Start at the line in the entries below that contains "Dyrektor wręcza nagrody", stop at the line that contains "Κυριακή της Σαμαρείτιδος", and output exactly the lines in that span, both ends included.

§ **Dataset records**
____
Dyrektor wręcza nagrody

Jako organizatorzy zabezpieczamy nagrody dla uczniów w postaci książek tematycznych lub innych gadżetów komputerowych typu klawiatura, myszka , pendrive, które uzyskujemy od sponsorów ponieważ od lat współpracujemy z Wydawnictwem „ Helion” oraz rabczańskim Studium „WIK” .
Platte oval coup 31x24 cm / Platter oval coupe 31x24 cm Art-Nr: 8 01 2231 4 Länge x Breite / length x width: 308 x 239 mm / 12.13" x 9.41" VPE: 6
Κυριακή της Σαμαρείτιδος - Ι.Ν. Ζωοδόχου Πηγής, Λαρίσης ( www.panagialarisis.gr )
____
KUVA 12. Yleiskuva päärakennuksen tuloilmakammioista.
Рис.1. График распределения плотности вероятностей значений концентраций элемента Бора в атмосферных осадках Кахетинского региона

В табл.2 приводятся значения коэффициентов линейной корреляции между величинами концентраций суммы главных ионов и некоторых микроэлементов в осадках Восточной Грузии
____
§ **Reply**
Dyrektor wręcza nagrody

Jako organizatorzy zabezpieczamy nagrody dla uczniów w postaci książek tematycznych lub innych gadżetów komputerowych typu klawiatura, myszka , pendrive, które uzyskujemy od sponsorów ponieważ od lat współpracujemy z Wydawnictwem „ Helion” oraz rabczańskim Studium „WIK” .
Platte oval coup 31x24 cm / Platter oval coupe 31x24 cm Art-Nr: 8 01 2231 4 Länge x Breite / length x width: 308 x 239 mm / 12.13" x 9.41" VPE: 6
Κυριακή της Σαμαρείτιδος - Ι.Ν. Ζωοδόχου Πηγής, Λαρίσης ( www.panagialarisis.gr )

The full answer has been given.